Heating and drying at 50 ° C. for 15 minutes, 200 ° C. for 15 minutes, 250 ° C. for 15 minutes, and 300 ° C. for 15 minutes, a polyimide composite film 2 (flexible printed circuit board) was obtained. A thermogravimetric analysis of the solvent content in the obtained polyimide composite film showed that 3.3% of the solvent still remained. 100m wound pressure 100 kg / cm ² to the copper foil of this polyimide film to the spacer interior which is provided a protrusion height of 2mm on the end of the stainless steel plate is brought into close contact with the stainless steel spacer strip, the critical state regulating temperature 35 ° C. Carbon dioxide For 1 hour, the content of the solvent in the resin was measured and found to be 0.008%.

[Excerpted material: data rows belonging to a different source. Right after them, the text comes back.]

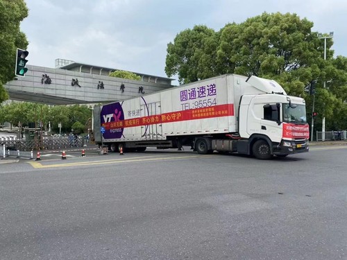 悬挂着的“山海情深,同心抗疫”的横幅,运输货车从贵州出发,驰援千里抵达上海,展现了黔沪两地深深的情谊。此次捐赠的物资包括:口罩、隔离衣、防护服、生活用品、食品等,总计价值73.49余元,将会全部用于新利18官方客服的疫情防控工作。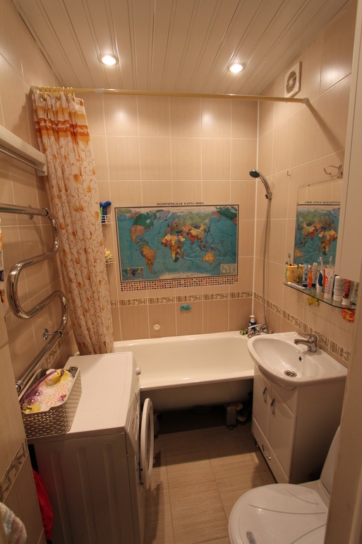 у нас зеркально))) и тоже машинка стоит)) расстановка таже))) только полотенцесушитель у стены где унитаз) а почему политическая карта мира?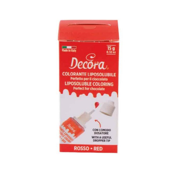 Colorante liposolubile liquido rosso uso alimentare in bottiglia da 15 g di Decora. Particolarmente indicati per colorare il cioccolato o panna e creme al burro,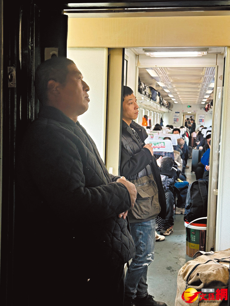 他的歸途,比旁人更曲折幾分:從海南出發,坐12小時大巴到廣州,再擠上這趟北上的綠皮車,沒有座位。軟臥票價八九百,他捨不得,打算硬站23小時到石家莊,再轉車去縣城接上遠嫁的妹妹和外甥,連夜驅車1,000多公里回重慶巫山老家。「父親剛去世,母親身患數病,妹妹說,今年一定要一起過年。」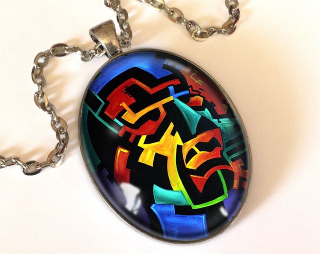 Ręcznie robiony duży owalny medalion z wysokiej jakości grafiką.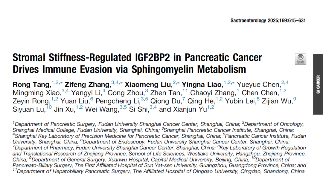 肿瘤基质硬度调控的IGF2BP2通过鞘磷脂代谢驱动胰腺癌免疫逃逸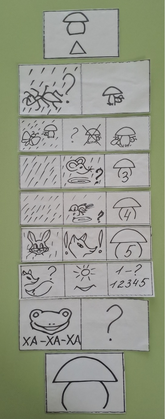 Воспитатель поочередно выставляет на магнитную доску мнемосхемы с обозначением сюжетов сказки, который описывают дети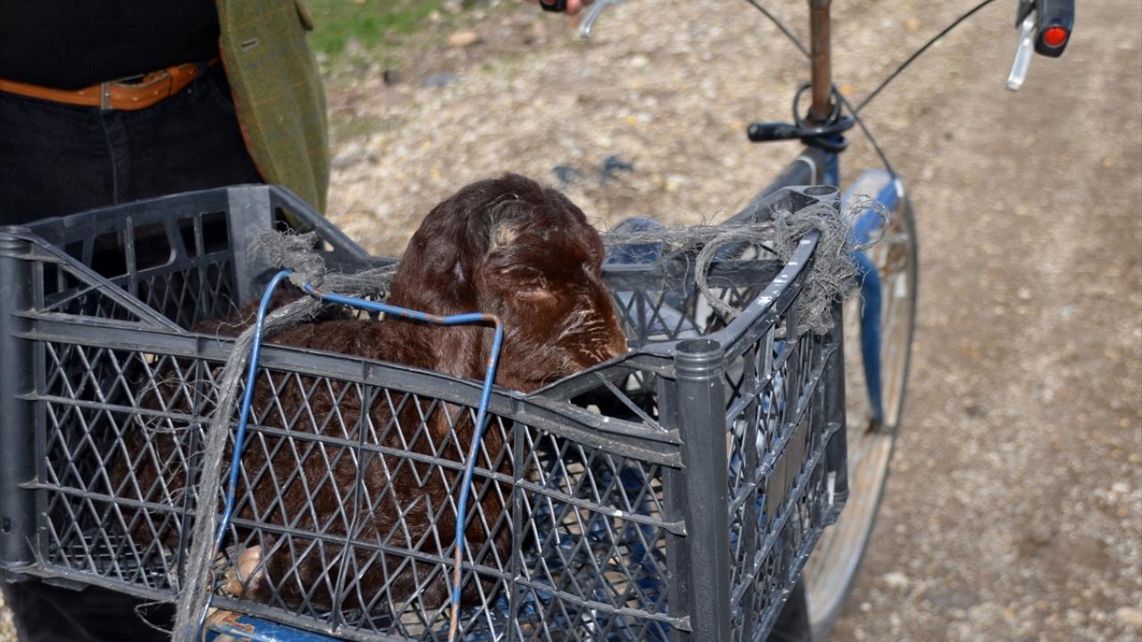 Karslı besici Ahmet Sarıtaş, Sarıkamış ilçesi kırsalındaki merada dünyaya gelen kuzuyu, daha iyi bakabilmek için bisikletinin arkasına bağladığı sepetle evine götürdü.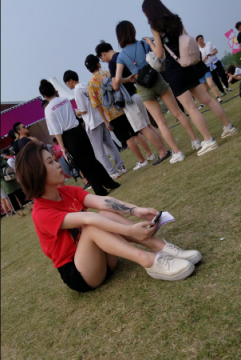 草坪上的红衣黑色热裤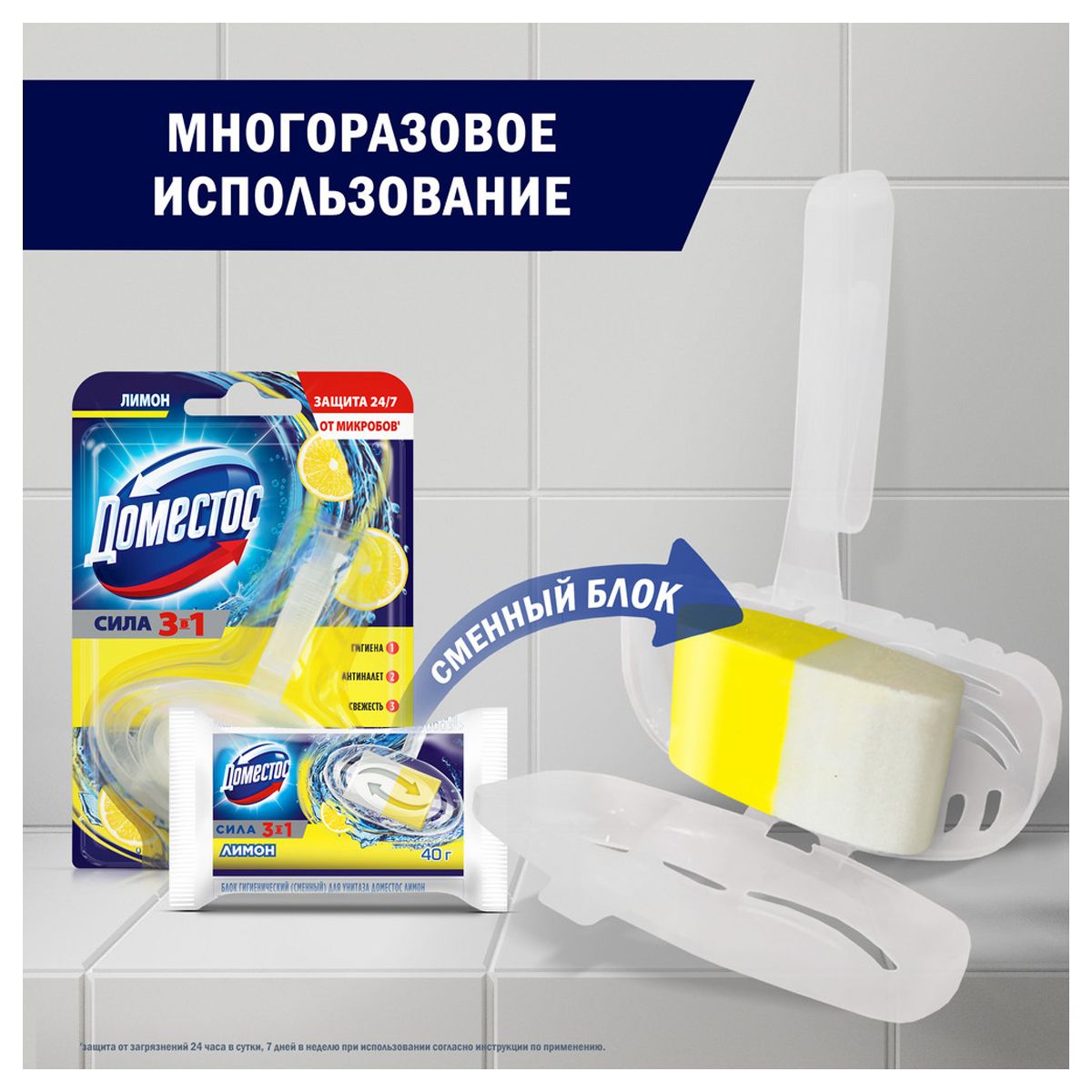 Подвесной блок для унитаза Domestos "3в1 Лимон", 40г, блистер

Comparative Example 2 The polyimide composite film 2 of Example 2 was dried at 350 ° C. for 30 minutes, but the solvent content was still 0.78%. On the other hand, when the solvent was further dried at 380 ° C. for 30 minutes, the solvent content was reduced to 0.014%. However, a high-temperature furnace which can always be replaced with a nitrogen atmosphere so as not to oxidize the copper foil is indispensable. Because of the high temperature, it was annealed and softened, and could not be used for applications requiring the rigidity of copper foil such as TAB.

[0015]

According to the present invention, a polyimide film or a polyimide composite film is wound into a pair with a spacer film having good air permeability, and the supercritical state of carbon dioxide or the like which becomes a supercritical state below the glass transition temperature of the resin is obtained. Is a method for drying a polyimide film characterized by removing the solvent and moisture remaining in contact with the fluid,
This method is an industrially superior method of drying a polyimide-based film that can remove a small amount of residual solvent, which was usually difficult to remove, with little heat or mechanical damage to the polyimide-based film and efficiently remove the film without deteriorating the film. It is.

Claims (4)

[Claims] 1. A method for drying a polyimide film, comprising removing a solvent and moisture remaining in the polyimide film by contacting the solvent and water with a supercritical fluid having a glass transition temperature of the resin or lower. 2. The method for drying a polyimide composite film according to claim 1, wherein the polyimide film is a composite film with a metal or another resin. 3. A method for drying a polyimide-based film according to claim 1, wherein the polyimide-based film is brought into contact with a supercritical fluid in a wound state while being paired with a spacer film having good air permeability. 4. The method for drying a polyimide film according to claim 1, wherein the supercritical fluid is carbon dioxide.